Provided records ->
□ □ □
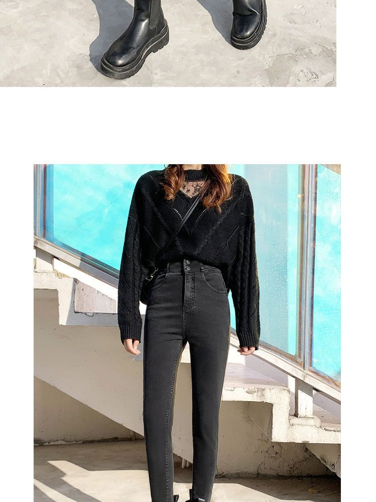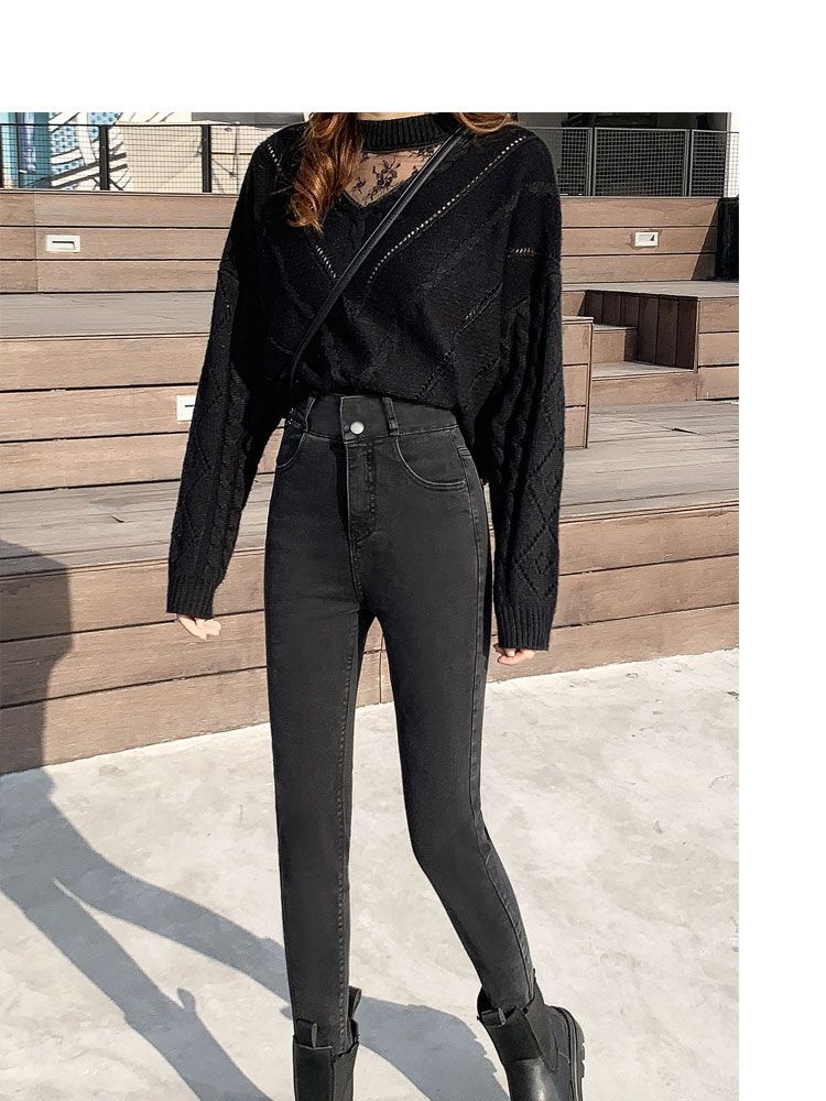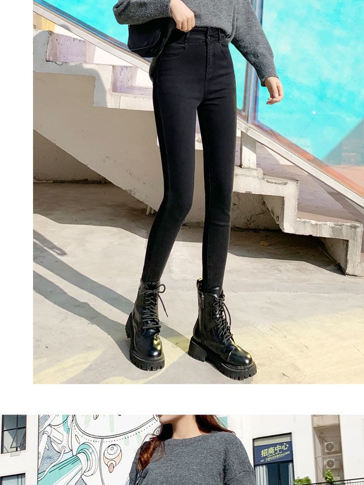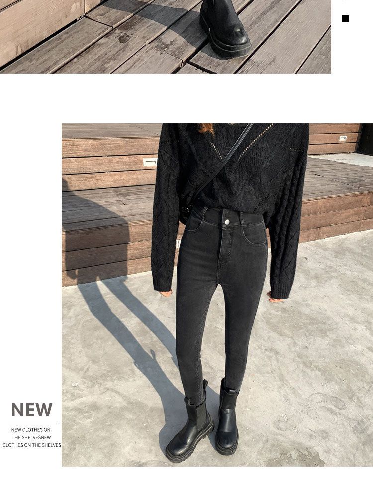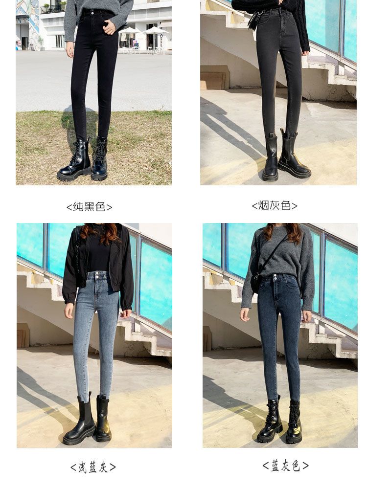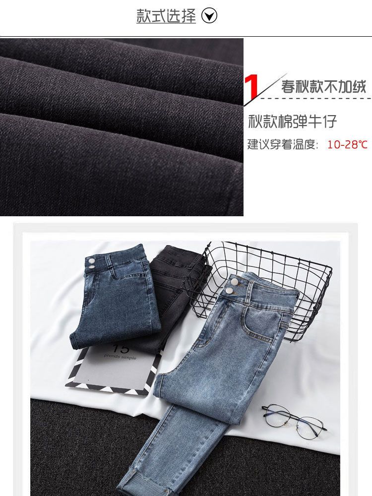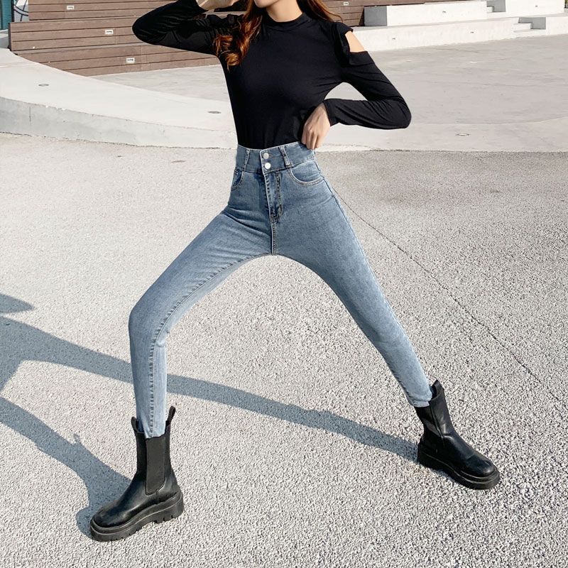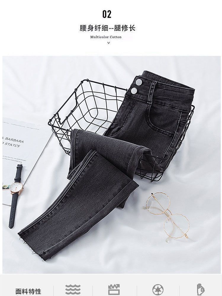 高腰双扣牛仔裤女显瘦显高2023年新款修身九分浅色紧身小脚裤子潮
□ □ □
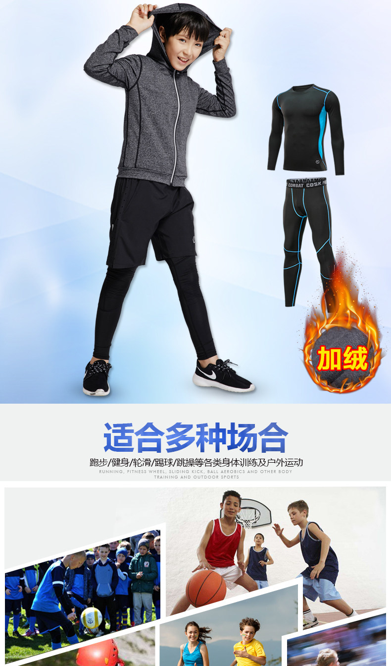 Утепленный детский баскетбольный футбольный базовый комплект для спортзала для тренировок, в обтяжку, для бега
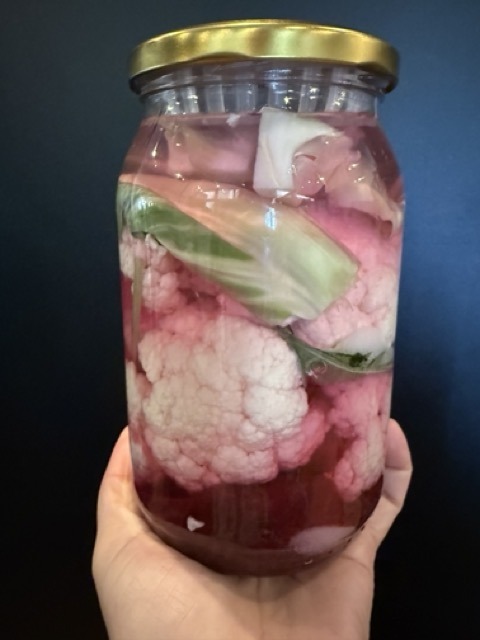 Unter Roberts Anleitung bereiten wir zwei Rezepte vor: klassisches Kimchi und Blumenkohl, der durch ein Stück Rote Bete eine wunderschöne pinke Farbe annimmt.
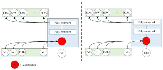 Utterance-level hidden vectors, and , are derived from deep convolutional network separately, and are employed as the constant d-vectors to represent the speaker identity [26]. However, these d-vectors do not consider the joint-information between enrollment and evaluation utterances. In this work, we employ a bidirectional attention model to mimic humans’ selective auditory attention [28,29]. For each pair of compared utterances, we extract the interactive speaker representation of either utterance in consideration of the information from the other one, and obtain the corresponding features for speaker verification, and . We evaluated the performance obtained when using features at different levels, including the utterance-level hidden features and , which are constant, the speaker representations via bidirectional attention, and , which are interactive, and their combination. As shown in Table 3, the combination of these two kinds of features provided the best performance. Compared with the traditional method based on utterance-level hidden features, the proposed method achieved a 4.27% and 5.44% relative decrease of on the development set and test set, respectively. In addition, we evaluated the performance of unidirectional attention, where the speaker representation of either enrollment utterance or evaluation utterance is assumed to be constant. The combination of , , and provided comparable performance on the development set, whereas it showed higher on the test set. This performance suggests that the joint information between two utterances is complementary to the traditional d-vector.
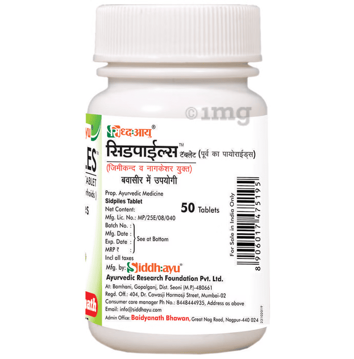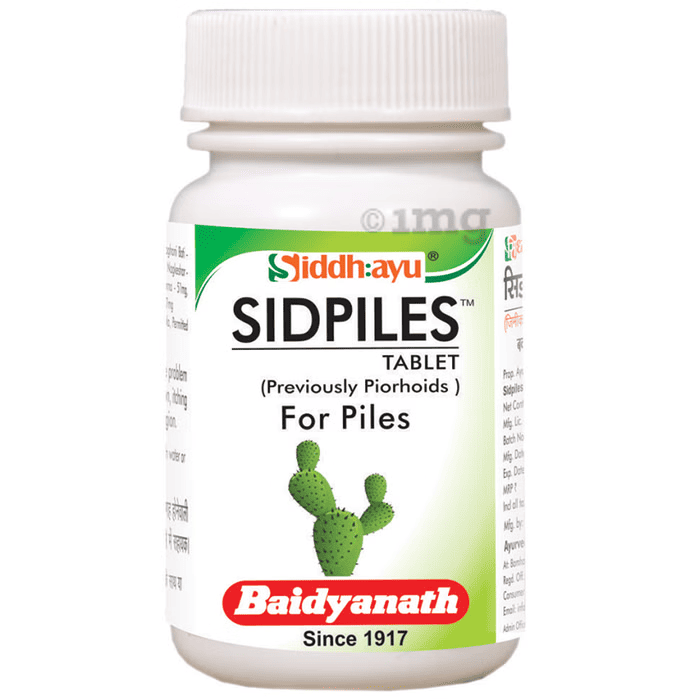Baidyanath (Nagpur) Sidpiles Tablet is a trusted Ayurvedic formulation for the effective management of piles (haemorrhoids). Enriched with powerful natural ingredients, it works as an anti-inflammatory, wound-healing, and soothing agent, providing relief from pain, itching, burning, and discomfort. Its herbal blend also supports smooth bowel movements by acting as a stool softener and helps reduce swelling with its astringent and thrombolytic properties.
□ □ □
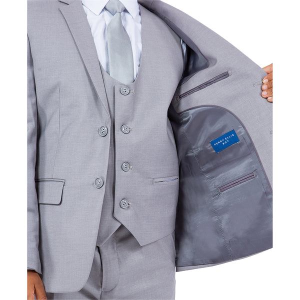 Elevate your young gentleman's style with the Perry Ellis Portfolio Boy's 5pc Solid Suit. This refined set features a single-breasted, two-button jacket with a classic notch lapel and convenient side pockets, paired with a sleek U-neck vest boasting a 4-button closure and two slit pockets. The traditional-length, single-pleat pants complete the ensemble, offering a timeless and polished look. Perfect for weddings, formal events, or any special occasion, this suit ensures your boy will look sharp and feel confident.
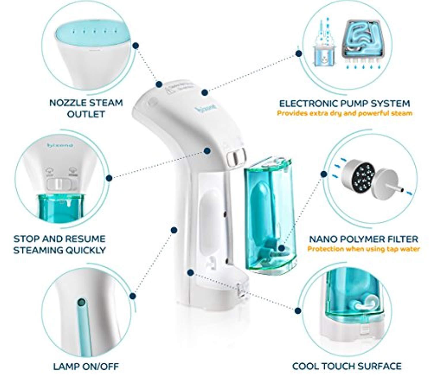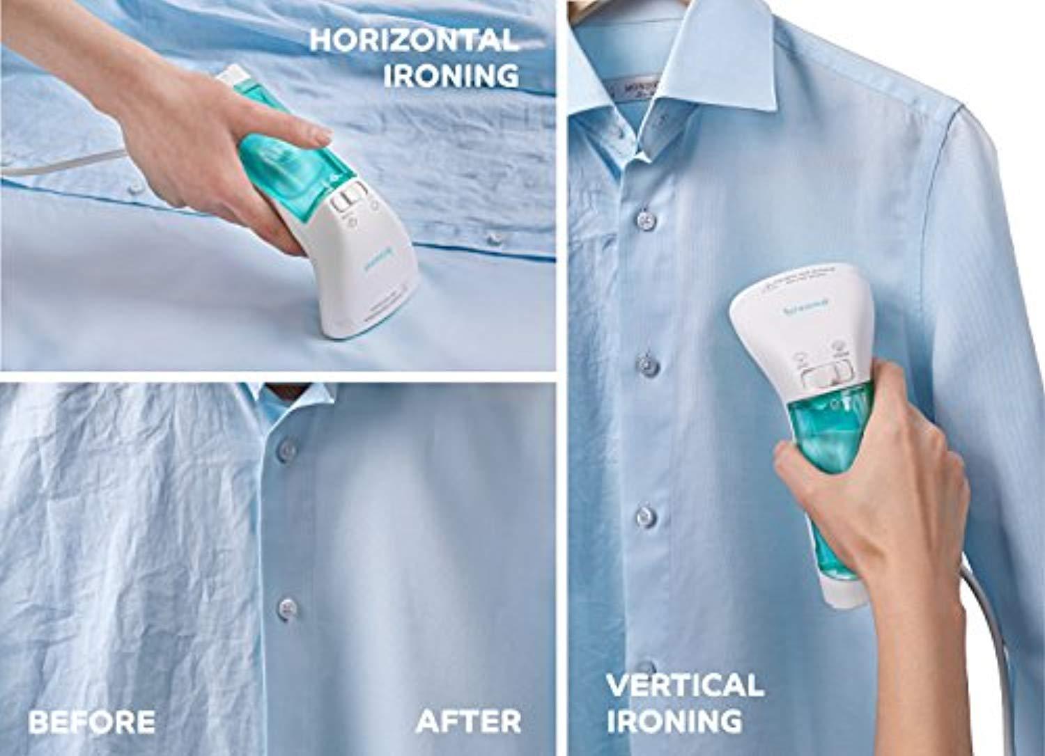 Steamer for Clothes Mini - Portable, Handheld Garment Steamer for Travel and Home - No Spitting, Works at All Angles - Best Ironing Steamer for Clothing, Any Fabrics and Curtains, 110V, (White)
□ □ □
Your instructions -> Only the lines starting at the one that includes "Elevate your young" and ending at the one that includes "Steamer for Clothes" should be retyped, exactly, from the records above; no pictures.

Task output ->
 Elevate your young gentleman's style with the Perry Ellis Portfolio Boy's 5pc Solid Suit. This refined set features a single-breasted, two-button jacket with a classic notch lapel and convenient side pockets, paired with a sleek U-neck vest boasting a 4-button closure and two slit pockets. The traditional-length, single-pleat pants complete the ensemble, offering a timeless and polished look. Perfect for weddings, formal events, or any special occasion, this suit ensures your boy will look sharp and feel confident.
 Steamer for Clothes Mini - Portable, Handheld Garment Steamer for Travel and Home - No Spitting, Works at All Angles - Best Ironing Steamer for Clothing, Any Fabrics and Curtains, 110V, (White)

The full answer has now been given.